It's not every day you watch a hockey game that has the potential to end as an overtime loss despite a 4-2 win for the home team. After a regulation time victory over Team Russia, the Canadian U-20 squad needed an extra period to determine junior hockey superiority in Halifax. They did as shortly into the extra frame, a wicked Ryan Strome wrist shot won the tournament for Canada.
Canada won the first game of the tournament but dropped Games Two and Three, meaning that they needed a regulation victory in Game Four to have a chance at capturing the Canada-Russia Challenge series. There's no "right" way to determine the winner in a 4-game series when it's tied 2-2, but this is probably better than determining the series off of pure goal differential.
How did we get there? Well, Jonathan Huberdeau dominated, making a play on the first Canada goal of the game that got line mate Lucas Lassio the puck in front of the net. He cleared the front of the net later on a powerplay and created the space for Ty Rattie to tie the game 2-2 in the second. He had another assist in that period on a Rattie goal, and scored again in the third with a little under six minutes to go on another power move in front. Canada had a 4-2 lead at that point and hung on for the victory after 60 minutes.
In 4-on-4 Overtime, Strome was on the ice on a forward unit with Charles Hudon and a clearing attempt bounced off of Xavier Ouellett to Hudon on the near boards. After a second failed clearing attempt, Strome made a step around Mikhail Naumenkov and delivered a wicked shot over the shoulder of a cheating Andrey Vasilevski who had to play deep with Ouellet cutting to the net.
Winning this tournament is good to reassure Canadian junior hopes, and there's a lot of talent to pull from to make Team Canada's World U-20 roster in Ufa, Russia this winter. Here's how the units were graded:
Forwards — The greatest threat to Team Canada's forward unit is, oddly, the NHL labour negotiations. If an NHL season were to start on schedule, the Canadians would likely lose Huberdeau and Strome to the bigs, and they were Canada's most threatening weapons on the ice in this game.

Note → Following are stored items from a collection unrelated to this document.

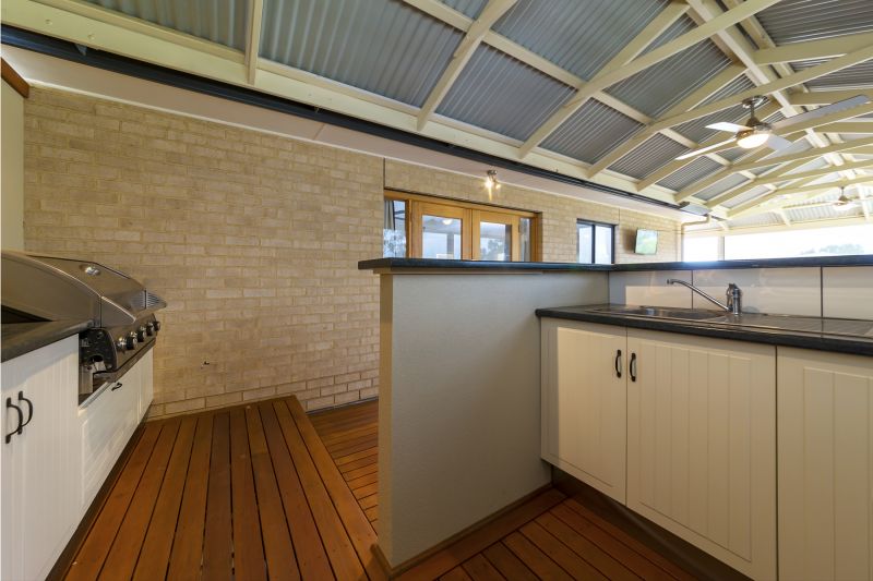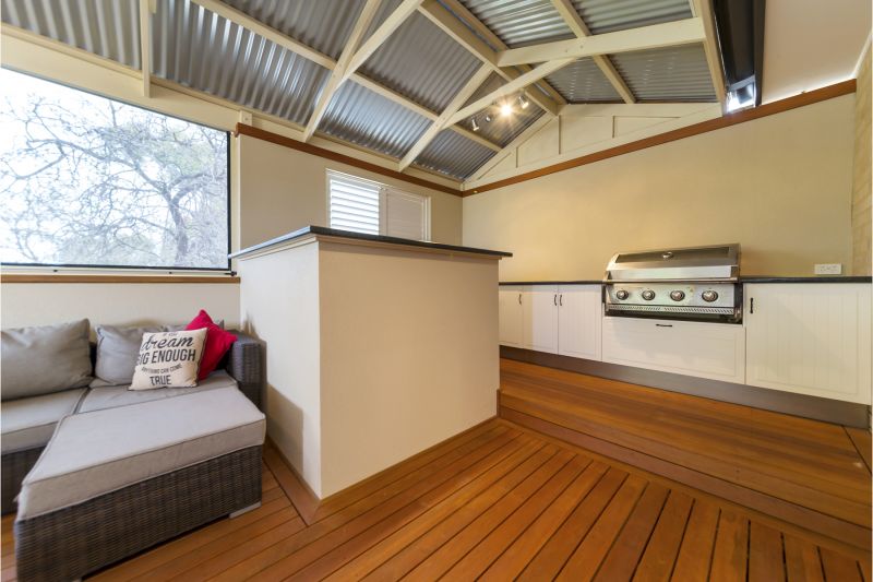 - Large outdoor kitchen with built-in barbeque, ample cupboard space and sink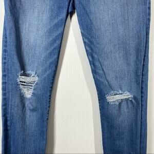 Madewell brand skinny jeans. High rise with a busted knee distressing and a raw cut, frayed edge hem. Medium blue wash. Size 27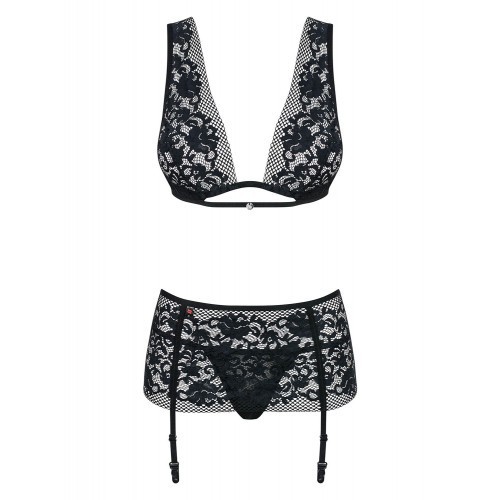 Έχετε ονειρευτεί ποτέ υλικά που είναι ευχάριστα στην αφή, τα οποία τυλίγουν το σώμα σας ενώ τονίζουν τις καμπύλες σας; Με αυτό το σετ εσωρούχων Figurea, πραγματοποιείστε αυτά τα όνειρα. Φορέστε αυτό το σέξυ, δαντελωτό σετ εσωρούχων και απολαύστε ένα μαγικό απόγευμα! Είναι ένα εξαιρετικά θηλυκό σετ φιγούρας, το σουτιέν διαθέτει μπανέλες για να δημιουργήσει ένα εκθαμβωτικό μπούστο, καθώς επίσης και τιράντες με ρυθμιζόμενο ύψος και κλείνει στο πίσω μέρος. Η ζαρτιέρα είναι μοναδική ραμμένη όλη από δαντέλα. Τέλος το σλιπ string ταιριάζει τέλεια με το όλο σύνολο Σετ που περιλαμβάνει: σουτιέν, στρινγκ, ζώνη καλτσοδέτας (δεν συπεριλαμβάνονται κάλτσες). Ευρωπαϊκό προϊόν και ευρωπαϊκής κατασκευής από τον οίκο Obsessive.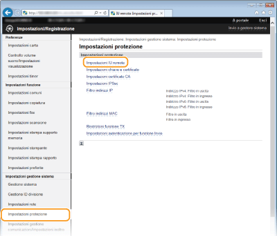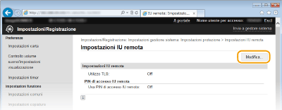<Impostazioni gestione sistema> <Impostazioni IU remota> <Impostazioni protezione accesso IU remota> <On> Immettere il PIN Applica Immettere il PIN (Conferma) Applica.Se le impostazioni dell'IU remota sono inizializzateViene inizializzato anche il PIN di accesso all'IU remota. Dopo l'inizializzazione, reimpostare il PIN. Inizializzazione del menu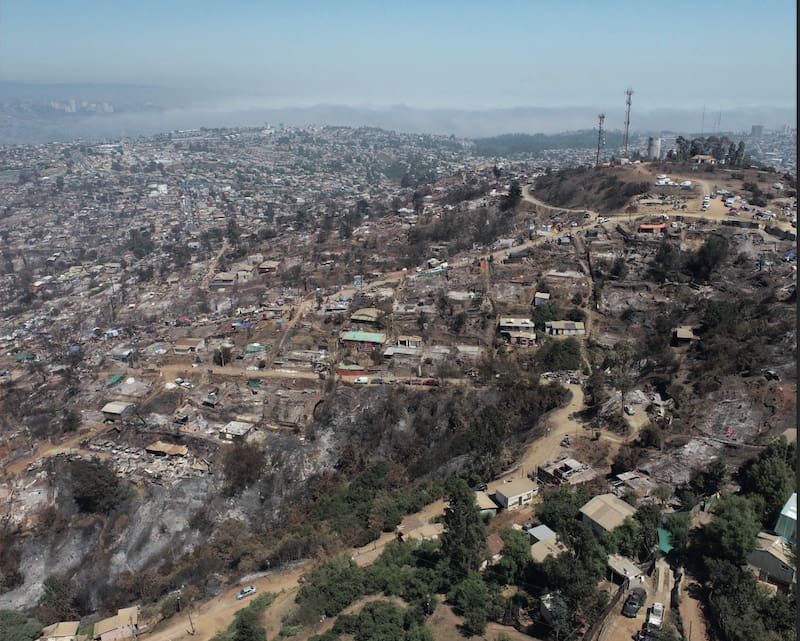 En Viña del Mar, por ejemplo, hay un total de 93 campamentos, 13 de los cuales fueron afectados por el incendio, lo que equivale al 14,3% de las áreas informales de la ciudad. En Valparaíso este peligro también fue advertido tras los incendios de 2014, que afectó a siete cerros de la ciudad y donde también había proliferación de asentamientos informales. Nada se ha hecho al respecto y actualmente existen 74 campamentos en Valparaíso, que se distribuyen en la parte alta de los cerros, comprendiendo una superficie total de 105, 57 ha. Seis de ellos agrupan a más de 100 hogares tales como Mesana Alto, Violeta Parra, Altos de Placilla, Pampa Ilusión, La Isla y Los Lancheros.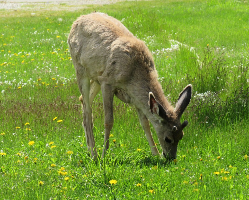 The town of Waterton was cute and quaint, but the most memorable parts for us were the deer sightings all over town. This one is just out for a jog along the water’s edge.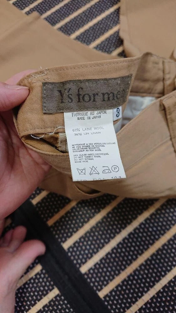 Material: Linen, Wool gtin13: Does not apply Pattern: NA Vintage: No Pocket Type: NA Leg Style: Straight Size Type: Regular Size: 3 Country/Region of Manufacture: Japan Fabric Type: NA Garment Care: NA Model: NA Color: Beige Handmade: No Theme: NA UPC: Does not apply Brand: Yohji Yamamoto Department: Men Product Line: NA Occasion: Business, Casual, Travel Fit: Regular Rise: NA MPN: NA Accents: NA Season: Fall, Spring, Winter Style: Chino Personalize: No Closure: Button Inseam: 31.4 in Type: Pants Waist Size: 30.7 in Features: Pockets

But there's a lot of talent on this group, although the team couldn't generate anything more than scoring chances at 5-on-5. The second line was buzzing in part to the stellar play by Hudon. Ty Rattie's pair of goals on the powerplay was his first offensive showing on the night. Mark Scheifele looked as good as he's ever been, drawing three penalties and making himself a physical presence with a couple of big hits. Overall, Canada did a good job at winning board battles in the offensive zone and keeping the shot clock ticking.
Philip Danault did a good job on the third line creating a couple of good scoring chances, but his wingers were virtually invisible. Linemate Phil di Giuseppe didn't play particularly well offensively but that line did a good job at keeping Russia out of their end of the ice. Finally, Boone Jenner played well at both ends on the fourth line and that could be an effective unit if Tom Wilson didn't take a couple of bad penalties.

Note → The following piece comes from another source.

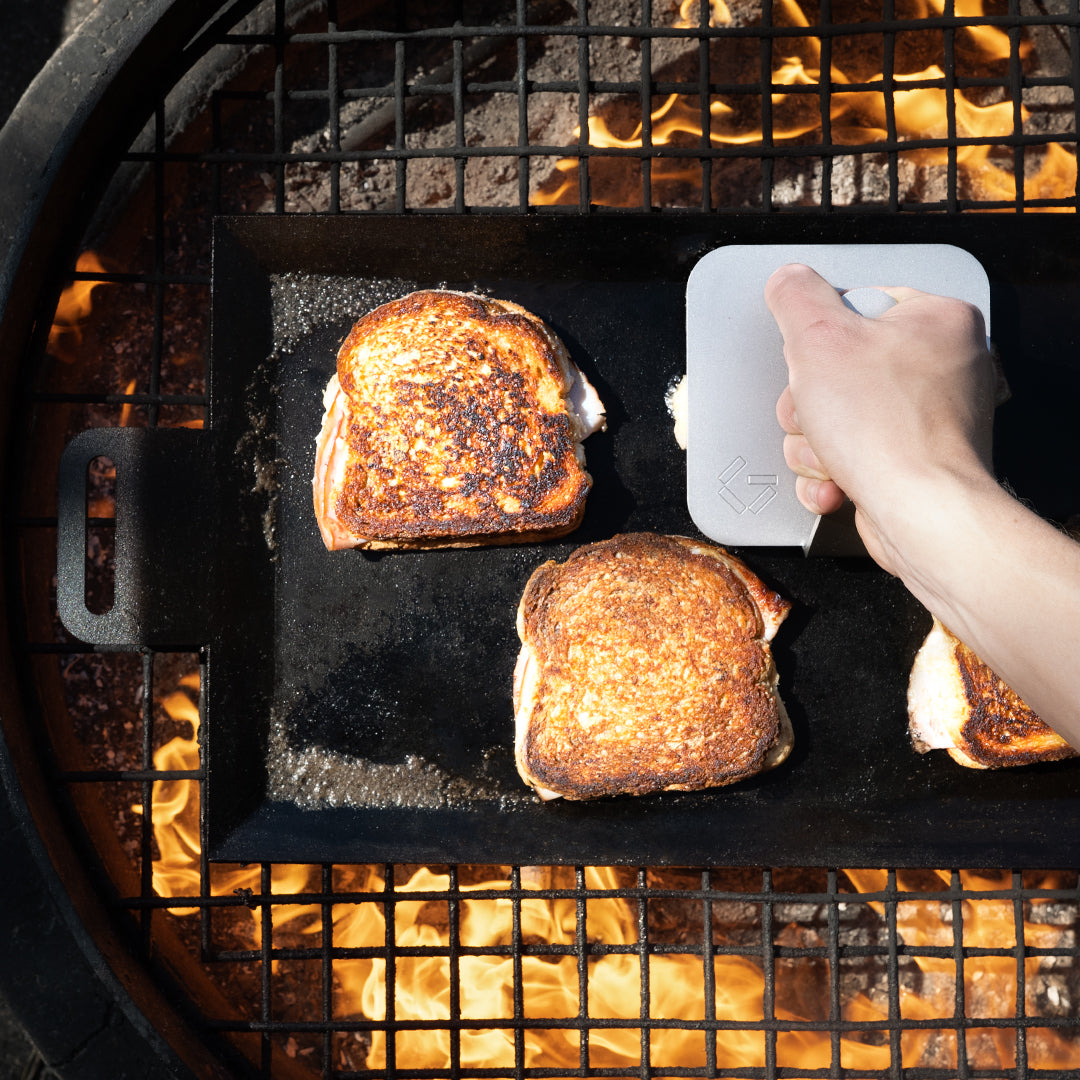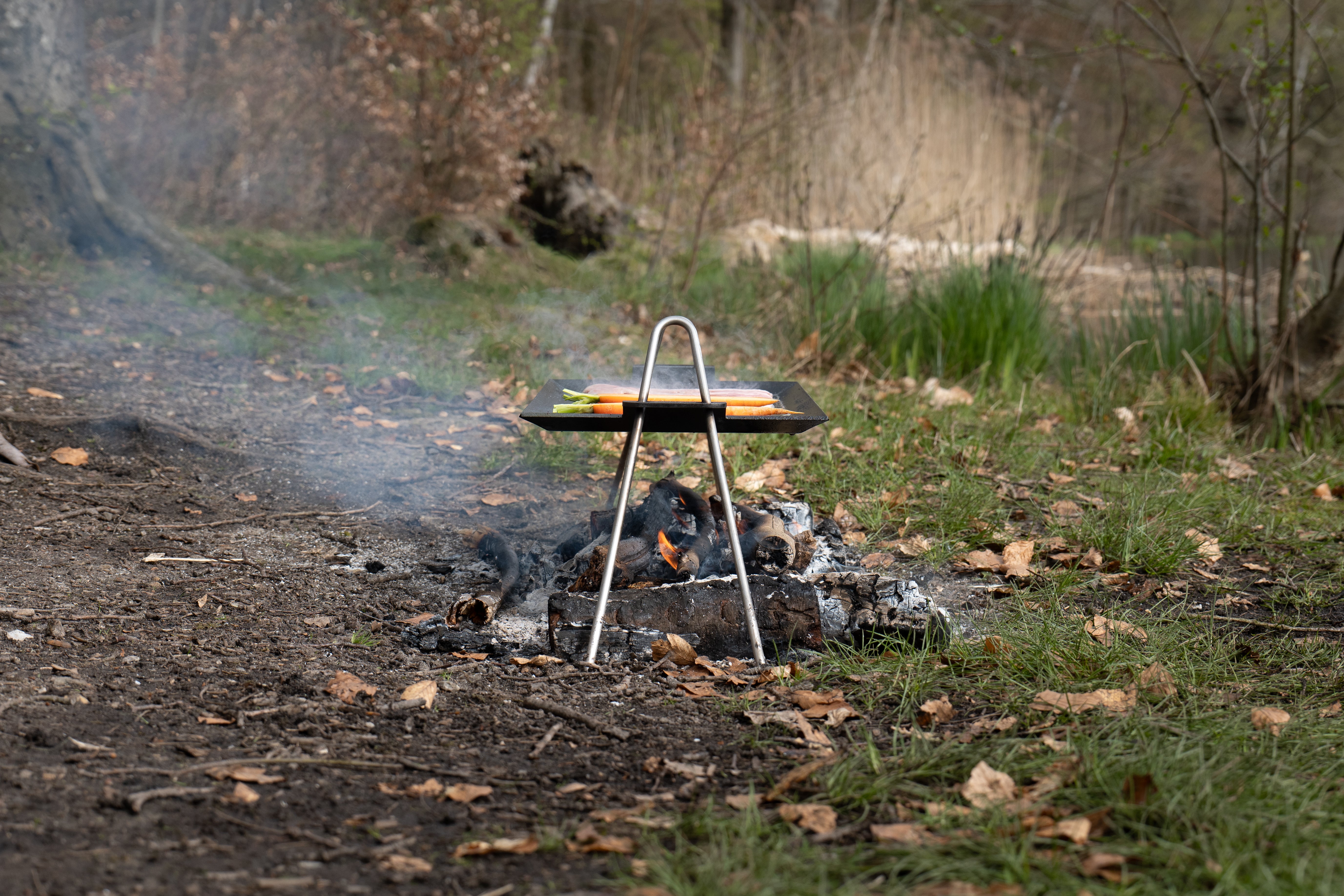 Unlike a ridged grill pan, you get maximum cooking surface - and with the smasher, you increase the contact between your ingredients and the plate, achieving perfect results whether you're making smash burgers, perfectly flat bacon, or toasts. It's simple to use: set up the fire stand and griddle, light your fire, and cook directly on the griddle - or use the griddle as a mobile stove for your pot.

Defence — Speaking of players you may lose to the NHL for the final roster in December, Ryan Murphy was again Canada's greatest weapon from the back-end, but the unit as a whole didn't integrate themselves with the offence as much as they had in Game Three.
Perhaps that was due to the coach. Spott seemed determined to get Scott Harrington to match up against Russia's big weapons Nail Yakupov-Mikhail Grigorenko-Anton Zlobin, and that line didn't have a good amount of success until a couple of good chances in the third period. Canada seemed stronger in their own end than in Game Three, but a lot of that comes from the play of the goaltender behind them. Two goals looks a lot better than six, even if not all of the six given up in the last two games were particularly the fault of the defencemen.
In the 4-on-4 OT, I thought there would be more space for the defence to shine. Other than a couple of rushes by Murphy and Ouellett on the winner, I didn't see too much aggression from the back end although not too many defenders got out for more than a shift in the period. Morgan Rielly and Dougie Hamilton looked good on the right side of centre, but I thought they looked shaky in their own end, particularly Hamilton who misplayed a couple of loose pucks in front of his own net, the first of which led to Russia's first goal.
Goaltending — After poor performances from Laurent Brossoit and Maxime Lagace in Games Two and Three, Canada returned with Malcolm Subban in Game Four and he was good, even if he wasn't particularly busy. Both goals that beat him did so under the most honourable of circumstances: a 2-on-1 where Andrei Sigarev mishandled the puck slightly, fooling Subban's movement, and the second goal was an absolute rocket from the point on the powerplay from Albert Yarullin.
He didn't have to be great, but being "good" on this night was enough for Canada. He was fine, and he ought to be the clear-cut favourite to backstop Canada's junior team come December.